Uefa briefed that there were a number of options that could come into play, and not only those related to co-efficients. They promised a statement 15 minutes before the kick-off, which did not materialise, and as Arsenal slugged out a fast and open first half with Udinese, who are a long way from the stereotypical Serie A team, so the suggestions whirred.
The cynics had a field day. It was typical of Uefa, said one, to look at a way of ensuring Arsenal's survival; the money-spinning clubs always have to participate. Another warmed to the theme to predict a shock call for the New York Cosmos. Or Brazil.
It had felt ridiculous to believe that Uefa might announce that the co-efficient line was the one they would pursue before the kick-off. It would have undermined the contest. Uefa's regulations, moreover, stated that "a club which is not admitted to the competition is replaced by the next best-placed club in the top domestic league championship of the same association, provided it fulfils the admission criteria." Trabzonspor finished as the runners-up to Fenerbahce last season.
Twenty minutes into the game, and the sub-plot was gone with the touch of a button. Uefa's statement dropped on its official website and it confirmed that Trabzonspor would indeed take Fenerbahce's place in Thursday's draw for the Champions League group phase. They will be replaced in the Europa League by their play-off opponents, Athletic Bilbao.
It is unclear whether Wenger and his players were aware of the unfolding story, which provided the evening with yet another layer of drama. And even if they were, they would have ignored it. The club know only too well how falsely-raised hopes can die.
It was an intense occasion from start to finish, the feeling reinforced by the 31C heat at kick-off time and it did not seem to matter that the Stadio Friuli (capacity: 41,700) had only been allowed to admit 26,000 after Uefa complained about many of the seats not having backs. Udine's big night was restricted by health and safety.
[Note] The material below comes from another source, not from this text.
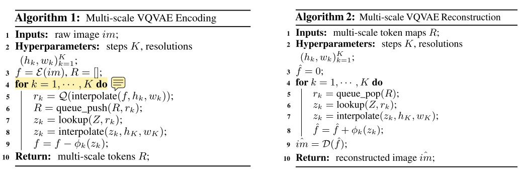 - Multi-scale VQVAE 인코딩: 학습된 VQVAE를 사용하여 입력 이미지를 여러 해상도의 토큰 맵으로 인코딩합니다.

Arsenal needed to show a ruthless edge, which has been strangely absent during the embryonic stages of what has been a difficult season. Wenger's team can normally be relied upon, at least, to prise opponents apart, to create chances, but their shortcomings in attack had plagued them upon their arrival in northern Italy.
When opportunity knocked, Udinese's admirable goalkeeper, Samir Handanovic, simply had to be beaten and it felt ominous when Theo Walcott failed to do so on 33 minutes. It was a close-range chance that the Englishman might have dreamed of yet he did nothing more than play safe to hit the target, and Handanovic saved, before getting up to block Robin van Persie's rebound shot.
Antonio Di Natale was eye-catching. Having had an effort pulled back for offside and also hitting a post, the Udinese captain drifted away from Johan Djourou to head his team in front on the night. It posed the ultimate test for Wenger's players but they answered well enough to provide their season with a touchstone.
Arsenal's progress became the story of a big-hearted comeback, laced with razor-sharp incisions from their forward three and with a heart-in-the-mouth moment thrown into the mix. The penalty award looked harsh yet Wojciech Szczesny's save was breathtaking. Arsenal's possible insurance policy from Uefa did not pay. Happily for Wenger, his players took out their own.